Twickenham stands alone among the stadiums of the home unions as unsponsored but Ian Ritchie would not rule out a naming-rights deal should the right package be presented. “There’s nothing specific at the moment,” the chief executive of the RFU said. “We haven’t had a proposal but you would look at it. All the money we get goes back into the game, so I certainly wouldn’t rule it out. It’s the nature of the beast.”
It seems extraordinary that no organisation has approached the RFU on the matter. The Welsh Rugby Union became the latest to succumb to a stadium rebrand, changing the Millennium Stadium’s name at the start of this year to the Principality Stadium in a 10-year deal thought to be worth £15m. Lansdowne Road has been known as the Aviva Stadium since the new stadium was built in 2010.
On the surface of it, though, Scotland have struck the best deal. For what is understood to be a £20m, four-year arrangement, they have been allowed to retain their traditional stadium name of Murrayfield, merely appending the prefix BT.
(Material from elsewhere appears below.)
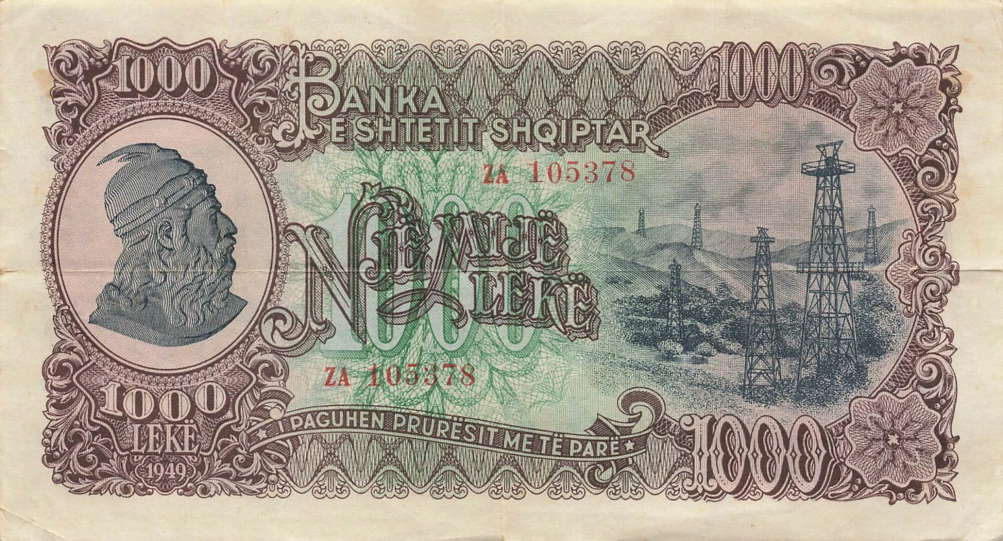 Home > World Banknotes > European Banknotes > Albania > Albania 1000 Leke - 1949 - Remplacement - P.32

The RFU’s decision, should it come to it, will be fraught with such notions of tradition and dignity. “You’ve got to make sure it’s the right deal,” Ritchie said. “There are some brand associations that would be more challenging than others. Wembley took the ‘in association with’ option, rather than simple naming rights. There’s a balance between that and maintaining the heritage and tradition. And, frankly, what’s the money on the table?”